■ Exercise directions ■
For this exercise, write out every entry exactly and leave the pictures out.

Saved data entries
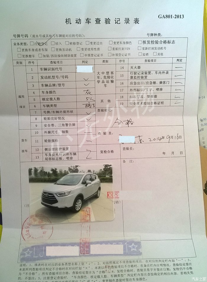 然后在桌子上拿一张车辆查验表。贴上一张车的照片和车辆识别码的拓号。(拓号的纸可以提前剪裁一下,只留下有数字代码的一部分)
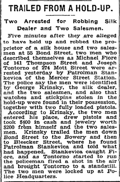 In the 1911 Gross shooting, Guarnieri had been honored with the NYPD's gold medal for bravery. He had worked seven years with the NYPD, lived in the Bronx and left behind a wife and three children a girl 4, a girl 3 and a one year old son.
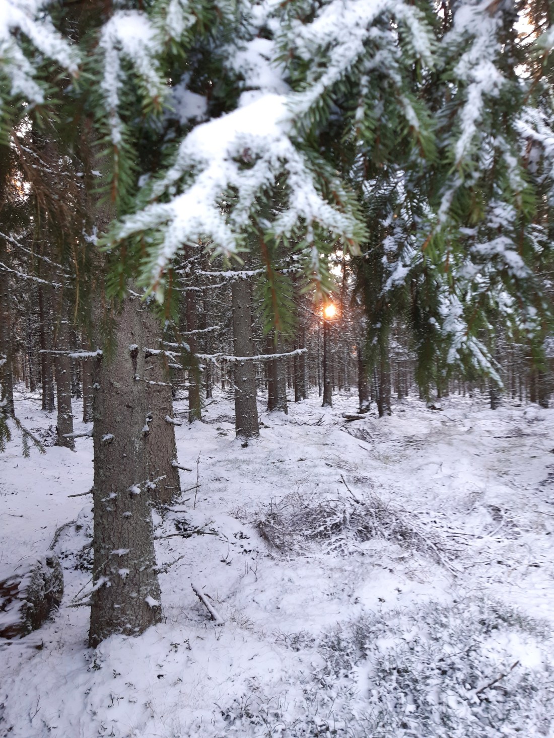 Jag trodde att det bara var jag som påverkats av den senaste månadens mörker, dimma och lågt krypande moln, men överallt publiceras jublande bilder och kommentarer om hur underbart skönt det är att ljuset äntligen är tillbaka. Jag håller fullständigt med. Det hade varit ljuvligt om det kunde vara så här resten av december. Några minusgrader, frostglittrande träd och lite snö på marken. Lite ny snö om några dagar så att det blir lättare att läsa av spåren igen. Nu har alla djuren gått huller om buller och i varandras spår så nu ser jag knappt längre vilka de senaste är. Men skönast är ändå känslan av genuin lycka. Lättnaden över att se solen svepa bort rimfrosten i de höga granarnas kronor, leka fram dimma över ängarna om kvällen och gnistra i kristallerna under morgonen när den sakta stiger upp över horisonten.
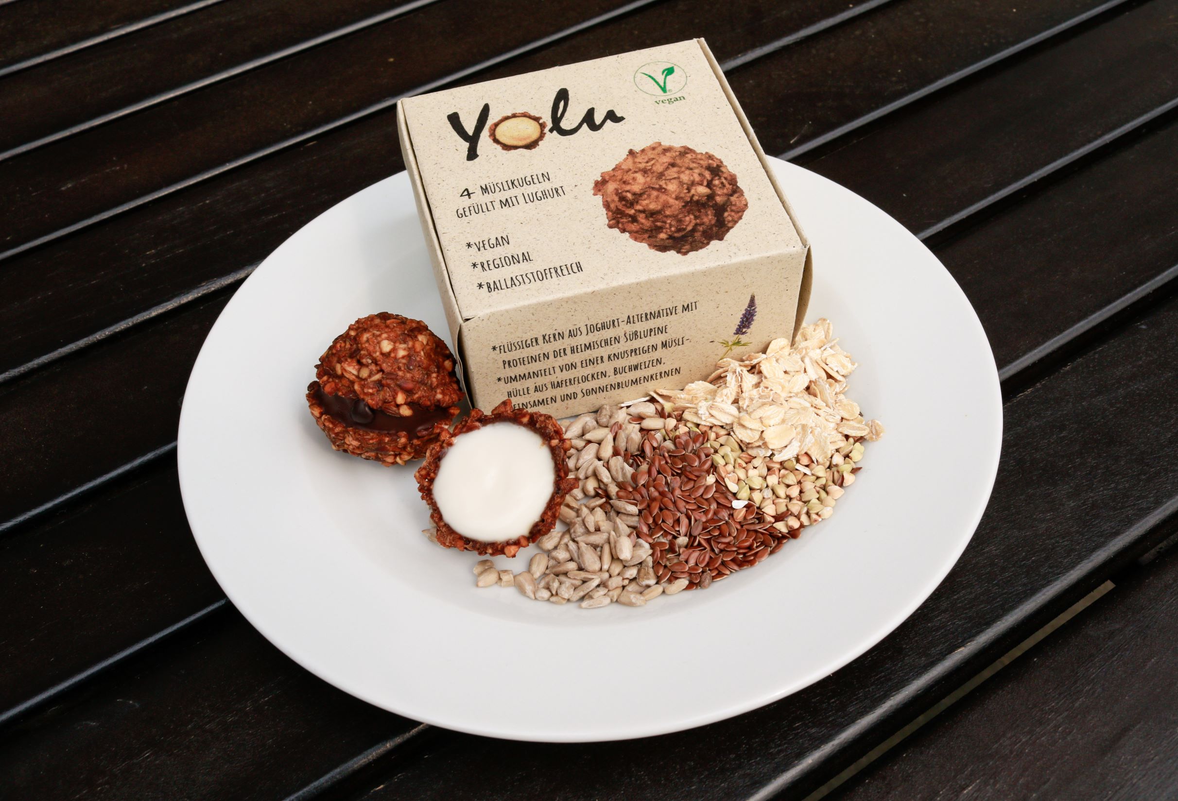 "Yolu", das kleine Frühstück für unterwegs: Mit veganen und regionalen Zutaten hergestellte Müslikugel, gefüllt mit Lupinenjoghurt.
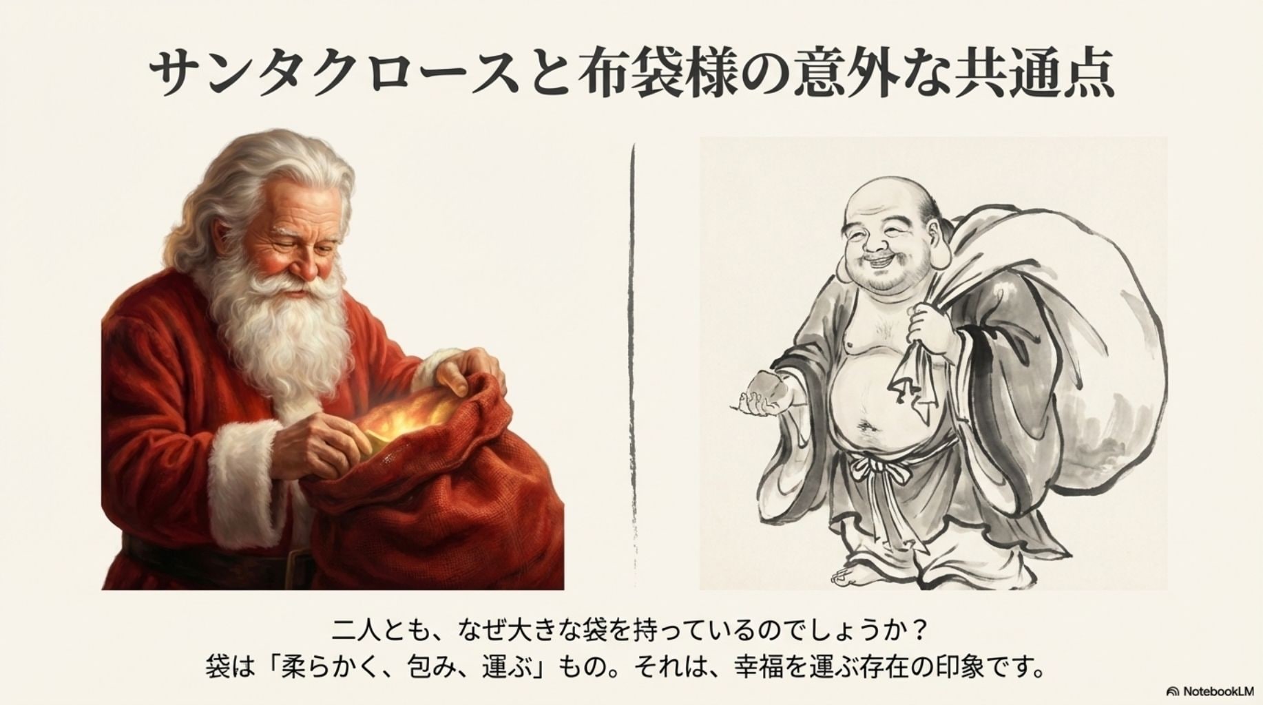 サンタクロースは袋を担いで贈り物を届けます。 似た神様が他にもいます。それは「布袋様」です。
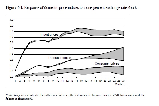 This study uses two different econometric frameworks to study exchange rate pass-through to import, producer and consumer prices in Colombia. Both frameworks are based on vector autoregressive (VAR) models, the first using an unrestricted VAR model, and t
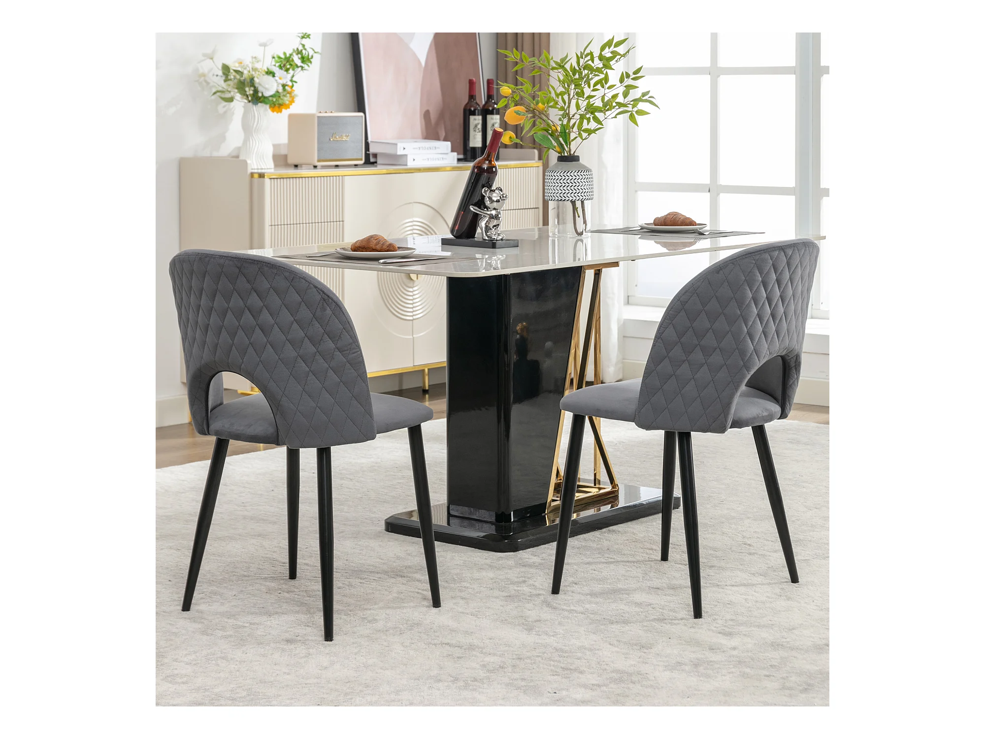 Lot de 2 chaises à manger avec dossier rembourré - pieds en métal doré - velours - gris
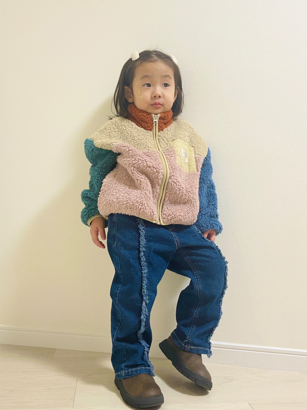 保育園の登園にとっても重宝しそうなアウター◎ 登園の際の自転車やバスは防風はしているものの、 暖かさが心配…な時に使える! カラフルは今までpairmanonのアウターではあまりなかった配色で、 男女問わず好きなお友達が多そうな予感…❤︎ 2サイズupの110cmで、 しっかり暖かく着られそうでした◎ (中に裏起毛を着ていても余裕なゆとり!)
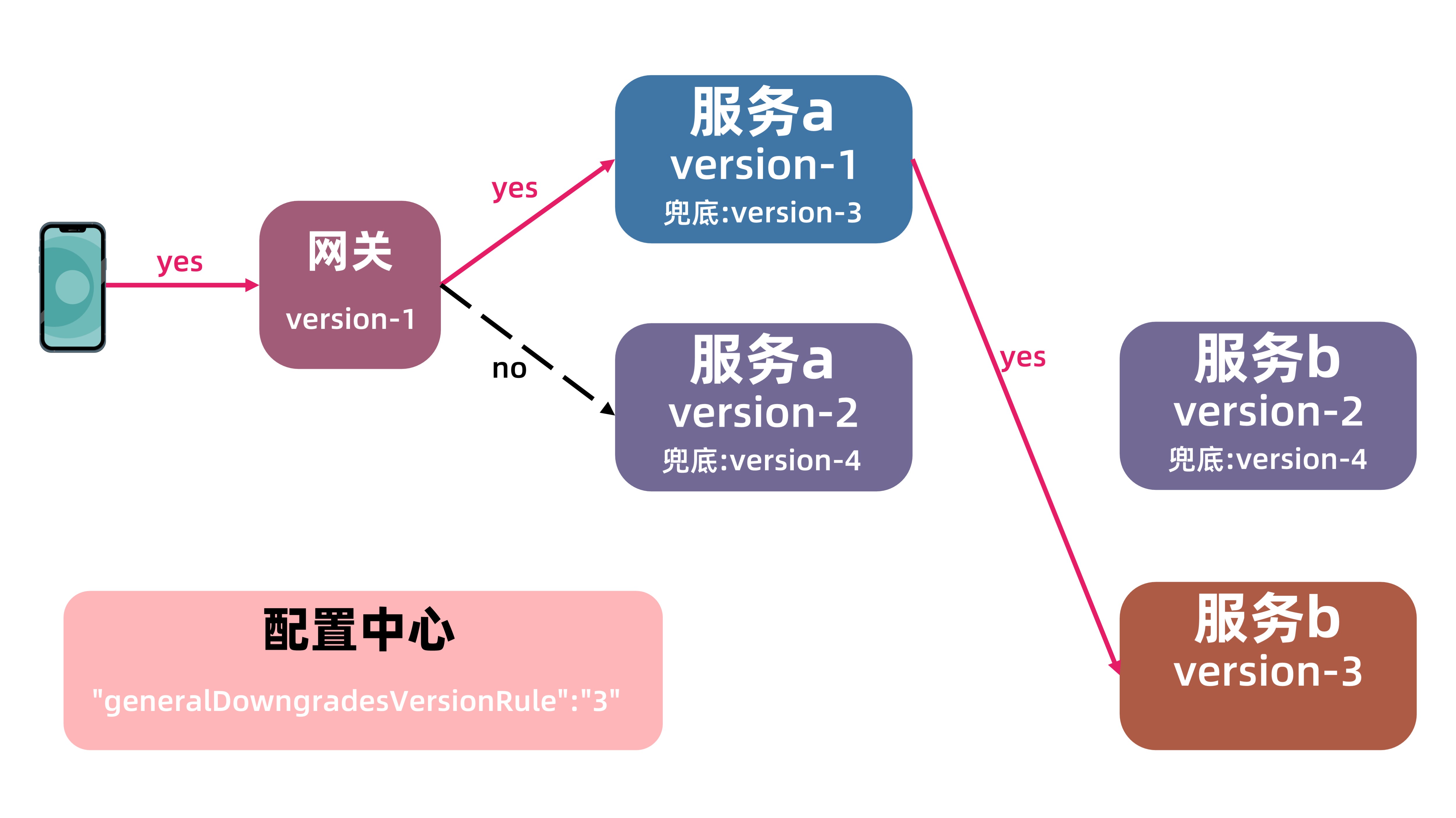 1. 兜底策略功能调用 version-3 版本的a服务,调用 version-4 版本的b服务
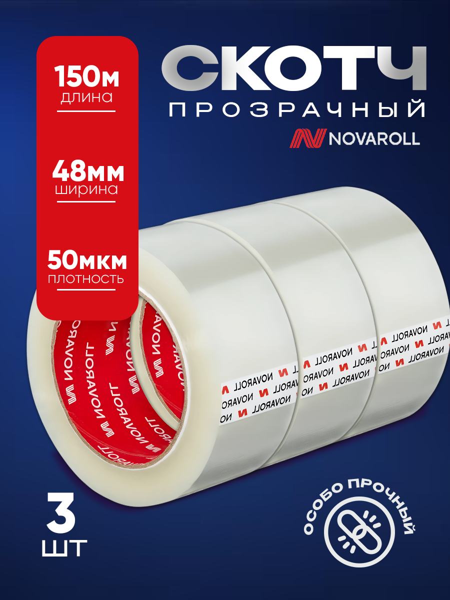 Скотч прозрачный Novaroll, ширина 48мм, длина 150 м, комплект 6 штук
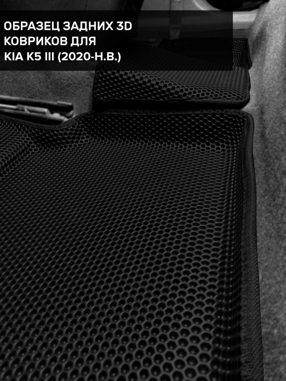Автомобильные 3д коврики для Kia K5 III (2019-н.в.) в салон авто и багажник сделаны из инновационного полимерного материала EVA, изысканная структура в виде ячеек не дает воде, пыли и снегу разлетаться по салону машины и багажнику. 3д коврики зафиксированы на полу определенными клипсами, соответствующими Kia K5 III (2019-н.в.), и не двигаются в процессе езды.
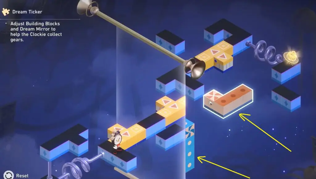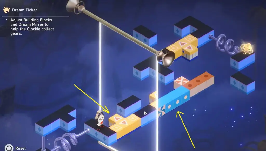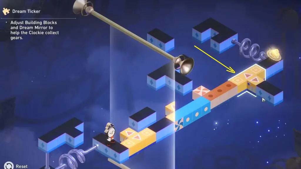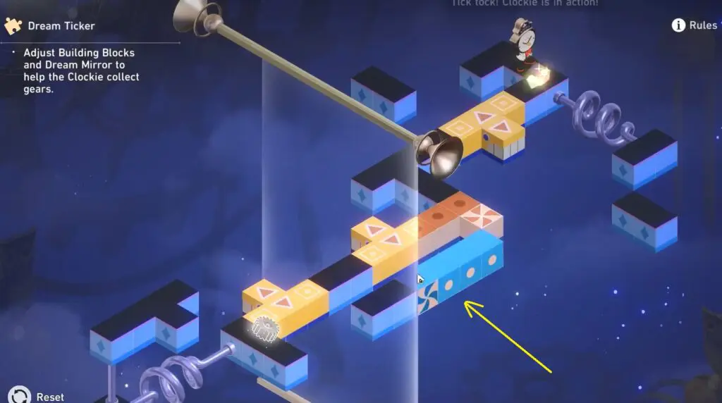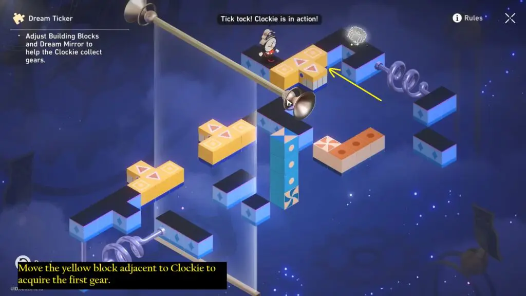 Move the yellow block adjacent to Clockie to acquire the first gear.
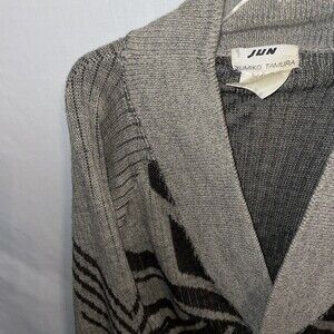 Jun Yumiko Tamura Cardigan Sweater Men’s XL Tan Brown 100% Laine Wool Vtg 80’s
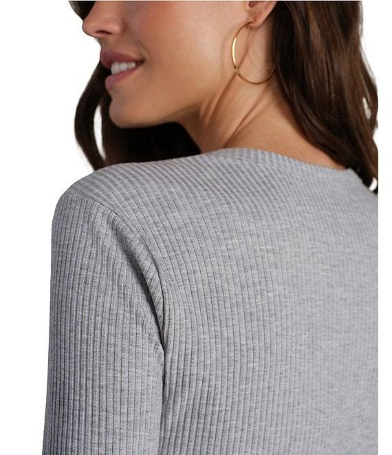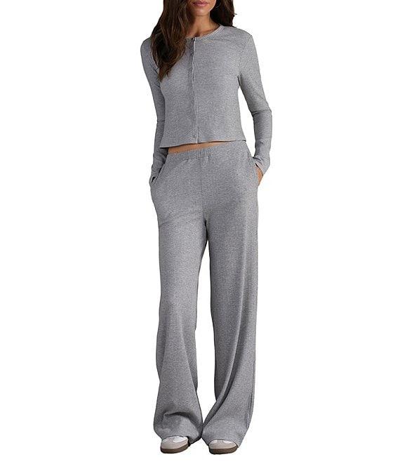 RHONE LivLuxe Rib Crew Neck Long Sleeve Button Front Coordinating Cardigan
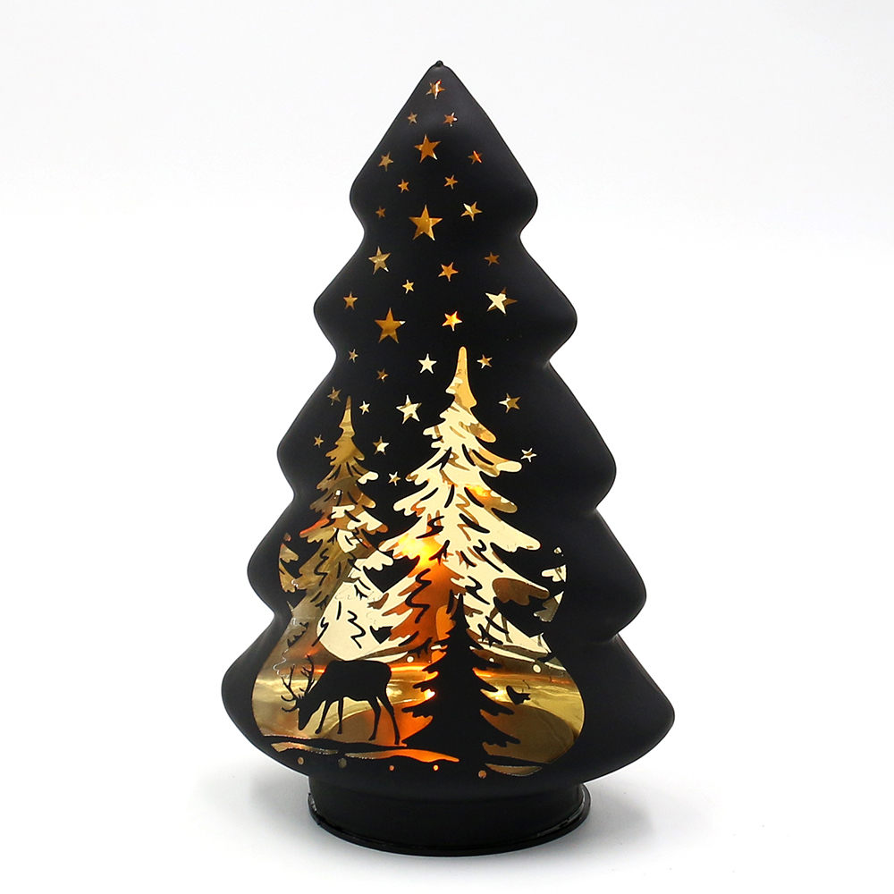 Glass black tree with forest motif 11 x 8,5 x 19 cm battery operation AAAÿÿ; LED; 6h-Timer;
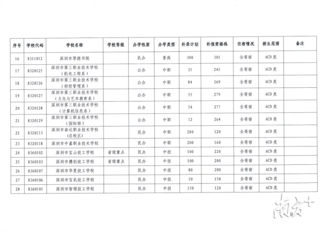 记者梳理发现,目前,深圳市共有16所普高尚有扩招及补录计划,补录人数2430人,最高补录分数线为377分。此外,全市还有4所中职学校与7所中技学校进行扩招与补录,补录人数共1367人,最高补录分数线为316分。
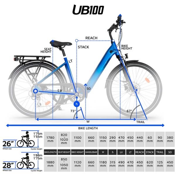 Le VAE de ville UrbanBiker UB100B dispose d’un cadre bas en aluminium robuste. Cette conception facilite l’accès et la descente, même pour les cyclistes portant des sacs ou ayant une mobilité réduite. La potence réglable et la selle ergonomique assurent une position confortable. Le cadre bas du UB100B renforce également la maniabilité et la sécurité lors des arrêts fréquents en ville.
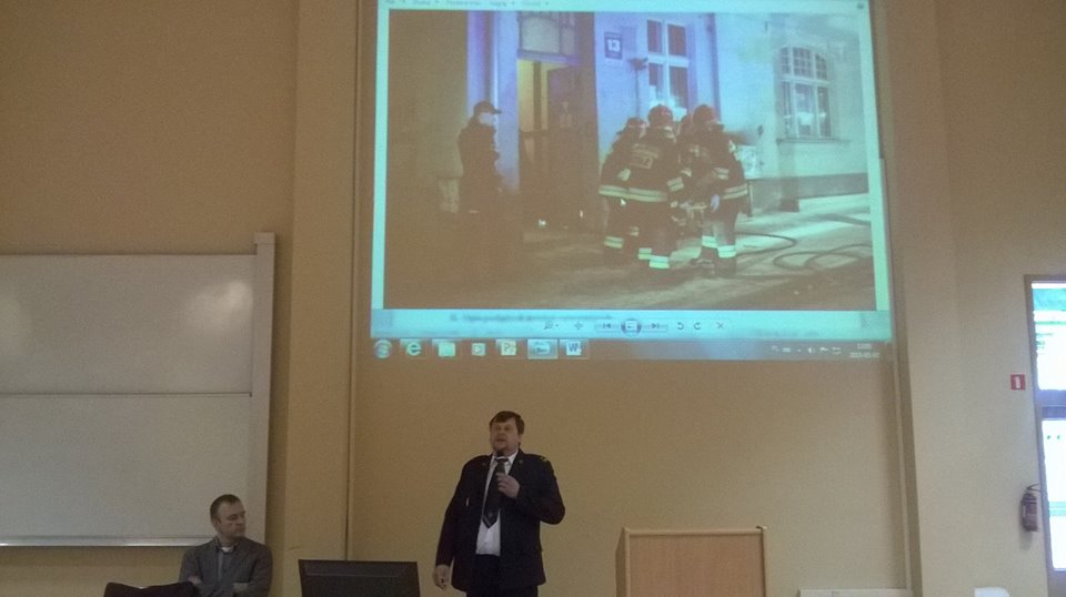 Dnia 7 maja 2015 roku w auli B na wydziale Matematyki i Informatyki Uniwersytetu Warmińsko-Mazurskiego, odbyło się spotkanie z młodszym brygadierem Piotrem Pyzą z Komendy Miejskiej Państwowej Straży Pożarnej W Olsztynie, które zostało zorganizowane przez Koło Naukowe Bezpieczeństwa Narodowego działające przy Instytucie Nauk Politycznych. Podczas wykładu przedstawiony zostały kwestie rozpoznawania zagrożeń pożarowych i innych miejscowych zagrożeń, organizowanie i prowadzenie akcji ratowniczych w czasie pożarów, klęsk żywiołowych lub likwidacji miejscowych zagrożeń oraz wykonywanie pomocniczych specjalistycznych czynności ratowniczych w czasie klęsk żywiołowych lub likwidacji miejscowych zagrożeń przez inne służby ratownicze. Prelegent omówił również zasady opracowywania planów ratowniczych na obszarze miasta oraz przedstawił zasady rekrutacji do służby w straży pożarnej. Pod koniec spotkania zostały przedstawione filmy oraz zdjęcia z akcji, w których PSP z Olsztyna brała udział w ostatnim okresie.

■ Answer to the problem ■
 然后在桌子上拿一张车辆查验表。贴上一张车的照片和车辆识别码的拓号。(拓号的纸可以提前剪裁一下,只留下有数字代码的一部分)
 In the 1911 Gross shooting, Guarnieri had been honored with the NYPD's gold medal for bravery. He had worked seven years with the NYPD, lived in the Bronx and left behind a wife and three children a girl 4, a girl 3 and a one year old son.
 Jag trodde att det bara var jag som påverkats av den senaste månadens mörker, dimma och lågt krypande moln, men överallt publiceras jublande bilder och kommentarer om hur underbart skönt det är att ljuset äntligen är tillbaka. Jag håller fullständigt med. Det hade varit ljuvligt om det kunde vara så här resten av december. Några minusgrader, frostglittrande träd och lite snö på marken. Lite ny snö om några dagar så att det blir lättare att läsa av spåren igen. Nu har alla djuren gått huller om buller och i varandras spår så nu ser jag knappt längre vilka de senaste är. Men skönast är ändå känslan av genuin lycka. Lättnaden över att se solen svepa bort rimfrosten i de höga granarnas kronor, leka fram dimma över ängarna om kvällen och gnistra i kristallerna under morgonen när den sakta stiger upp över horisonten.
 "Yolu", das kleine Frühstück für unterwegs: Mit veganen und regionalen Zutaten hergestellte Müslikugel, gefüllt mit Lupinenjoghurt.
 サンタクロースは袋を担いで贈り物を届けます。 似た神様が他にもいます。それは「布袋様」です。
 This study uses two different econometric frameworks to study exchange rate pass-through to import, producer and consumer prices in Colombia. Both frameworks are based on vector autoregressive (VAR) models, the first using an unrestricted VAR model, and t
 Lot de 2 chaises à manger avec dossier rembourré - pieds en métal doré - velours - gris
 保育園の登園にとっても重宝しそうなアウター◎ 登園の際の自転車やバスは防風はしているものの、 暖かさが心配…な時に使える! カラフルは今までpairmanonのアウターではあまりなかった配色で、 男女問わず好きなお友達が多そうな予感…❤︎ 2サイズupの110cmで、 しっかり暖かく着られそうでした◎ (中に裏起毛を着ていても余裕なゆとり!)
 1. 兜底策略功能调用 version-3 版本的a服务,调用 version-4 版本的b服务
 Скотч прозрачный Novaroll, ширина 48мм, длина 150 м, комплект 6 штук
Автомобильные 3д коврики для Kia K5 III (2019-н.в.) в салон авто и багажник сделаны из инновационного полимерного материала EVA, изысканная структура в виде ячеек не дает воде, пыли и снегу разлетаться по салону машины и багажнику. 3д коврики зафиксированы на полу определенными клипсами, соответствующими Kia K5 III (2019-н.в.), и не двигаются в процессе езды.
 Move the yellow block adjacent to Clockie to acquire the first gear.
 Jun Yumiko Tamura Cardigan Sweater Men’s XL Tan Brown 100% Laine Wool Vtg 80’s
 RHONE LivLuxe Rib Crew Neck Long Sleeve Button Front Coordinating Cardigan
 Glass black tree with forest motif 11 x 8,5 x 19 cm battery operation AAAÿÿ; LED; 6h-Timer;
 记者梳理发现,目前,深圳市共有16所普高尚有扩招及补录计划,补录人数2430人,最高补录分数线为377分。此外,全市还有4所中职学校与7所中技学校进行扩招与补录,补录人数共1367人,最高补录分数线为316分。
 Le VAE de ville UrbanBiker UB100B dispose d’un cadre bas en aluminium robuste. Cette conception facilite l’accès et la descente, même pour les cyclistes portant des sacs ou ayant une mobilité réduite. La potence réglable et la selle ergonomique assurent une position confortable. Le cadre bas du UB100B renforce également la maniabilité et la sécurité lors des arrêts fréquents en ville.
 Dnia 7 maja 2015 roku w auli B na wydziale Matematyki i Informatyki Uniwersytetu Warmińsko-Mazurskiego, odbyło się spotkanie z młodszym brygadierem Piotrem Pyzą z Komendy Miejskiej Państwowej Straży Pożarnej W Olsztynie, które zostało zorganizowane przez Koło Naukowe Bezpieczeństwa Narodowego działające przy Instytucie Nauk Politycznych. Podczas wykładu przedstawiony zostały kwestie rozpoznawania zagrożeń pożarowych i innych miejscowych zagrożeń, organizowanie i prowadzenie akcji ratowniczych w czasie pożarów, klęsk żywiołowych lub likwidacji miejscowych zagrożeń oraz wykonywanie pomocniczych specjalistycznych czynności ratowniczych w czasie klęsk żywiołowych lub likwidacji miejscowych zagrożeń przez inne służby ratownicze. Prelegent omówił również zasady opracowywania planów ratowniczych na obszarze miasta oraz przedstawił zasady rekrutacji do służby w straży pożarnej. Pod koniec spotkania zostały przedstawione filmy oraz zdjęcia z akcji, w których PSP z Olsztyna brała udział w ostatnim okresie.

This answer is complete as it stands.